To add the Cassie behaviors to your model you just need to incude `Cassie::Model` in your class.

### Configuration

You need to configure Cassie before using it. Cassie can only connect to a single Cassandra cluster. To configure Cassie you need to call the Cassie.configure! method with a hash. The options for the hash can be either strings or symbols.

The options should contain all the options to define your cluster connection (see http://datastax.github.io/ruby-driver/api/#cluster-class_method)

You can also pass the following options:

* :cluster - Options to connect to the cluster. See http://datastax.github.io/ruby-driver/api/#cluster-class_method
* :keyspaces - Map of abstract keyspace names to actual keyspace names. This is provided so that you can have handle to reference keyspaces where the actual keyspace names change from environment to environment.
* :default_keyspace - The default keyspace to be used for the connection. All tables will be assumed to exist in this keyspace. (optional)
* :max_prepared_statements - The limit of the number of prepared statements that will be saved on the client. (default 1000)
* :schema_directory - Path to a directory where the schmea files are kept. This value should only be set in development and testing environments. (optional)

### Explicitly defined data structure

Since all aspects of working with Cassandra tables are very tightly tied to their data structures, we make you explicitly define it in you Ruby objects. That way it's all there where the developer can see it and the code can enforce certain things if it needs to.

At a minimum you need to define the table, keyspace, primary key, and columns. For each column you need to define both the name and data type.

### ActiveModel validations and callbacks

You can use all the standard ActiveModel validation methods on your models.
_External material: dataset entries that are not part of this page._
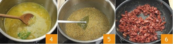 Dejad cocer las lentejas hasta que se vuelvan tiernas, añadiendo caldo cuando sea necesario 4, luego salpimentad. Una vez cocidas las lentejas, eliminad la hoja de laurel 5. Mientras se cuecen las lentejas, tomad el cotechino ya cocido, desmenuzadlo en la sartén y dejad que se ponga crujiente a fuego lento, mezclando de vez en cuando 6.
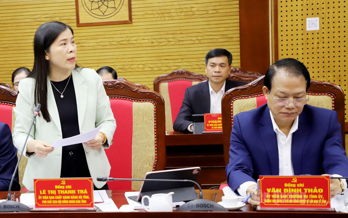 Phó Chủ tịch HĐND tỉnh Lê Thị Thanh Trà thảo luận tại phiên họp.
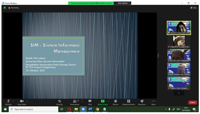 Kegiatan ini berlangsung secara daring melalui Zoom Meeting pada Sabtu, 23 Oktober 2021. Meskipun pandemi Covid-19 masih berlangsung, semangat peserta tetap tinggi untuk belajar dan berkolaborasi. Puluhan peserta yang hadir terdiri dari dosen dan mahasiswa UBSI serta para anggota Karang Taruna RT 016 Kapuk Cengkareng.
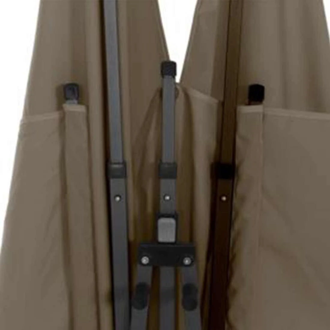 Wie bereits erwähnt, besteht das Gestell aus pulverbeschichtetem Stahl. Der Bezug ist aus Polyester gefertigt und mit dem Lichtschutzfaktor UPF 50+ versehen. So können Sie den Sichtschutz auch hervorragend am Strand als Schattenspender nutzen.

You can also define before or after callbacks for create, update, save, and destroy actions.

Note that one difference between Cassandra and other data stores is that data is only eventually consistent. Some subtle results of this:

1. You won't get an error if you try to create a record with the same primary key twice. Cassandra will simple use the second insert as an update statement.
2. If you perform any queries in your validation logic (e.g. to ensure a value is unique), you really need to use a high consistency level like quorum. If you use a low consistency level, there is a chance that your query can hit a node in the cluster that hasn't been replicated to and your validation could make decisions based on the wrong data.

### Consistency

You can specify the consistency for the connection when it is created in the options. This will default to `:local_one`. You can override the global consistency at runtime by setting a new consistency on the instance `Cassie.instance.consistency = :local_quorum`. This will be the default consistency used if nothing else specifies a consistency.

You can override the default consistency within a block by using the `Cassie.consistency` method. This method will set the default consistency within a block and can be used in instances where you want to force a specific consistency on all queries within a specific scope.

Finally, you can force a specific consistency by specifying `:consistency` in the options to any of the statements that execute a query. This consistency will override any default consistency you've specified. However, if the statement is a write statement and is wrapped in a batch block, the consistency option will have no effect. You can, though, specify the `:consistency` option in the `batch` call to apply a consistency to all statements in the batch.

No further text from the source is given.